Jetzt schon Petri Heil und Danke.


----------



## Miesmuschel (6. Mai 2009)

*AW: Fehmarn im Juli-bitte Infos*

Hallo,
ich finde diese HP ganz interressant wenn es rund um angeln auf Fehmarn geht http://www.broesel-online.de/

Gruss


----------



## dorschiie (7. Mai 2009)

*AW: Fehmarn im Juli-bitte Infos*

Fragt doch einfach in den angelläden nach.
die wissen meist wo und womit was gefangen wird.
oder schaut euch (falls ihr einen läptop mit i-net dabei habt) die strömungsbedingungen für die con euch ausgesuchten angelstelle an.
oder was auch noch geht "der angelführer fehmarn für küste und boot".
da sind angelstrände beschrieben sowie tiefen und weitenangaben .


----------



## Supporter (10. Mai 2009)

*AW: Fehmarn im Juli-bitte Infos*

Ab wieviel Jahre,dürfen eigentlich Kiddies auf einen Kutter?


----------



## dorschiie (11. Mai 2009)

*AW: Fehmarn im Juli-bitte Infos*



Supporter schrieb:


> Ab wieviel Jahre,dürfen eigentlich Kiddies auf einen Kutter?

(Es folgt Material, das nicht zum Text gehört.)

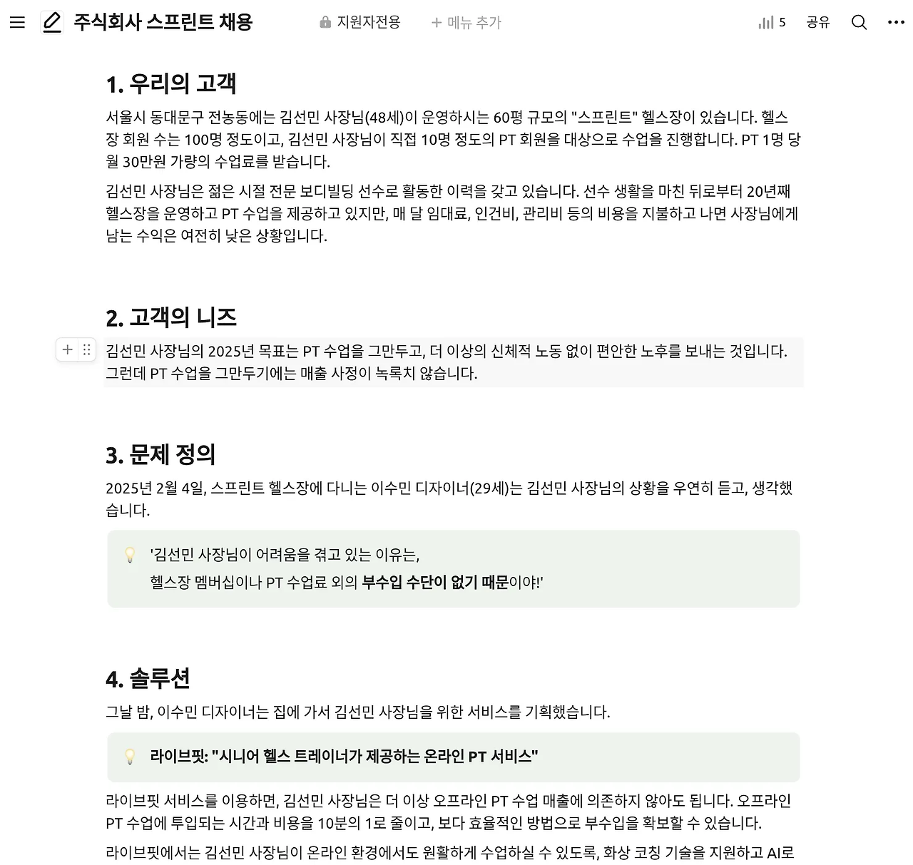 회사에서 필요한 역량을 검증하되, 무료 노동 문제를 방지하기 위해 채용 회사의 비즈니스에 활용되지 않는 가상의 인물과 상황을 설정하는 case 기반의 유사(mock) 테스트를 제공했습니다.

dürfen ist wohl nicht die frage.
ich denke mal das es auf die kiddis ankommt. und auf die wetterbedingungen.
meiner war schon ab 9 jahren auf einem kutter.
die see war allerdings damals ruhig.


----------



## petrikasus (4. Juni 2009)

*AW: Fehmarn im Juli-bitte Infos*



dorschiie schrieb:


> dann leider noch nicht.
> wir sind die letzte juli und erste augustwoche oben.
> das ist pech. |wavey:


 
Servus Dorschiie,
ich bin zur gleichen Zeit dort. Wohne in Marienleuchte, letztes Grundstück vor der Marine-Beton-Wand |supergri.
Ein wenig plan habe ich schon, wenn du Interesse hast, ping mich mal per PN an.

Karsten


----------



## dorschiie (5. Juni 2009)

*AW: Fehmarn im Juli-bitte Infos*



petrikasus schrieb:


> Servus Dorschiie,
> ich bin zur gleichen Zeit dort. Wohne in Marienleuchte, letztes Grundstück vor der Marine-Beton-Wand |supergri.
> Ein wenig plan habe ich schon, wenn du Interesse hast, ping mich mal per PN an.
> 
> Karsten


interesse ist immer da neue leute kennen zu lernen.
wir sind in gahlendorf. mein vermieter leiht mir auch sein boot(6Ps.)
ich schick dir eine pn mit meiner handy nr.
an der leuchte war ich erst einmal angeln vom strand aus hatte da aber leider nichts gefangen. 
war damals blödes wetter . danach war ich immer nur noch an meinen spots.
aber wir werden reden. :k


----------



## Supporter (30. Juni 2009)

*AW: Fehmarn im Juli-bitte Infos*

"PUSH" da es ja bald losgeht


----------



## Scheibe (30. Juni 2009)

*AW: Fehmarn im Juli-bitte Infos*

Du willst eventuell mit'nem Kutter raus?
Aus meiner eigenen Erfahrung und was das Board so berichtet kann ich nur sagen:
"Finger wech von Kehrheim und Silverland in Burgstaaken!!!!
Über diese Schiffe kann ich nichts Positives berichten und die Berichte große Anzahl der Berichte bestätigen das noch!


siehe auch hier:
http://www.anglerboard.de/board/showthread.php?t=29578
und hier:
http://www.anglerboard.de/board/showthread.php?t=45737

und es gibt glaub ich noch mehr threads dieser Sorte über die Kutter in Burgstaaken!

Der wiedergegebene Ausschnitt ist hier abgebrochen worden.